Wednesday, September 19, 2012

Pilih Siapa untuk Jakarta

Tanggal 20 September besok adalah hari penting bagi warga Jakarta, karena proses pemilihan gubernur baru.  Tentu ini sangat menarik, karena bagaimanapun Jakarta adalah (diharapkan) barometer bagi kota-kota lain di Indonesia. Kalau Pilkadanya oke dan lancar, serta gubernur yang terpilih nantinya terbukti bisa membawa perubahan dan kemajuan bagi Jakarta dalam lima tahun ke depan, tentu kita boleh berharap hal yang sama untuk kota-kota lainnya.

Namun apa yang terjadi dalam proses Pilkada di Jakarta ini jauh sekali dari yang diharapkan, memprihatinkan dan membuat hati getir (galau kata anak muda jaman sekarang).  Bagaimana tidak, kampanye calon gubernur yang seharusnya menjadi ajang untuk adu visi, misi dan konsep diselewengkan menjadi tempat untuk menyudutkan pihak lainnya dengan isu SARA.  Isu yang kalau menurut Mingguan Tempo, "tidak bermutu" (Majalah Tempo edisi 17-23 September 2012).

Saya setuju sekali, mengusung issue SARA, entah itu agama atau etnis dari salah satu calon sungguh-sungguh tidak bermutu. Sesempit itukah cara kita berpikir ?

Saya ingat sekitar akhir tahun 1998 lalu setelah jatuhnya Soeharto, saya melempar pertanyaan ke teman-teman sekantor, "Kalau ada seorang Cina yang bisa membangun Indonesia sedemikian maju hingga menaikkan nilai tukar Rupiah, 1 Dollar AS setara Rp 2.000.-, relakah kalian orang Cina tersebut menjadi Presiden Indonesia ?".  Aneh bin Ajaib, tak seorangpun berani menjawab YA, lebih tepatnya tak seorangpun yang berani menjawab apapun.

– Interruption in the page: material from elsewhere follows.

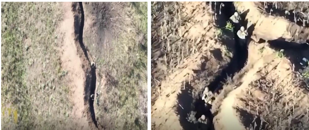
Trincheras en el frente

Si en este enfrentamiento pudiéramos hablar de protagonismo, no cabe duda de que casi el primer lugar lo ocuparían los drones; nada nuevo, ya durante mi estancia en el conflicto sirio se utilizaban con asiduidad en 2013, tanto para tareas de bombardeo como para reconocimiento. Podríamos decir en el caso de la invasión de Ucrania que se les agregó la función de observador para la artillería, aumentando la efectividad de esta de forma exponencial y convirtiéndola en protagonista en una guerra curiosamente bastante convencional y estática (podemos observar que se vuelve a las trincheras). Comparten protagonismo las armas contra carro que han esquilado las fuerzas acorazadas rusas, además de la torpeza de los responsables logísticos y de mantenimiento de estas. Cabría preguntarse dónde está el famoso T-14 “armata”.

Semua hanya terdiam......  (mungkin dalam hati menyesalkan kenapa ada pertanyaan seperti itu).

Saya sekali lagi mengajak Anda merenungkan pertanyaan yang sama tersebut, sebuah perenungan imajiner.

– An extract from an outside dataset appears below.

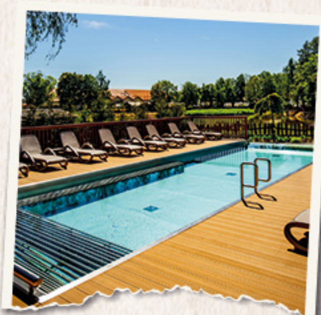
2 BASENY Z PODGRZEWANĄ WODĄ

Katakanlah kita hendak memilih pemimpin. Ada dua calon, yang satu seiman dengan kita, pandai, Doktor lulusan negara maju, tapi dia arogan, korup dan tak punya visi.  Calon lainnya beda iman dengan kita, sederhana, hanya Sarjana lulusan lokal, tapi dia jujur, adil, rendah hati, bersih dan transparan, dan yang paling penting punya visi tentang membangun masyarakat (tidak hanya bagian masyarakat yang kaya tapi juga terlebih memikirkan nasib rakyat miskin dan menderita).   Calon mana yang hendak Anda pilih ?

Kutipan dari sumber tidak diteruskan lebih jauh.